Genetic Algorithm combined to IMM approach for Tracking Highly Maneuvering Targets

In this paper, we present an interesting filtering algorithm to perform accurate estimation in jump Markov nonlinear systems, in case of multi-target tracking. With this paper, we aim to contribute in solving the problem of model- based body motion estimation by using data coming from visual sensors. The Interacting Multiple Model (IMM) algorithm is specially designed to track accurately targets whose state and/or measurement (assumed to be linear) models changes during motion transition. However, when these models are nonlinear, the IMM algorithm must be modified in order to guarantee an accurate track. In order to deal with this problem, the IMM algorithm was combined with the Unscented Kalman Filter (UKF) (6).
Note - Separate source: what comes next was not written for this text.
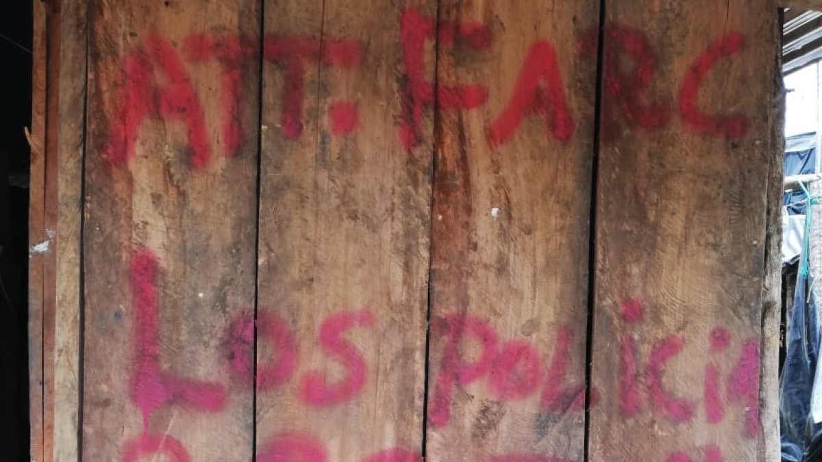 “Los policías que están aquí van a morir. Malditos. Att. FARC”. Ese es uno de los mensajes de amenaza que han aparecido en la zona minera ilegal de Buenos Aires, tomada ahora por militares y policías con el fin de desalojar el sitio de mineros que venían cumpliendo la actividad de manera ilícita.

Even if the later algorithm proved its efficacy in nonlinear model case; it presents a serious drawback in case of non Gaussian noise. To deal with this problem we propose to substitute the UKF with the Particle Filter (PF). To overcome the problem of data association, we propose the use of the JPDA approach, (12). To reduce the computational burden of the latter technique, we choose firstly the most likely feasible events by applying a Genetic Algorithm; finally the derived algorithm from the combination of the IMM-PF algorithm and the GA-JPDA approach is noted GA-JPDA-IMM-PF.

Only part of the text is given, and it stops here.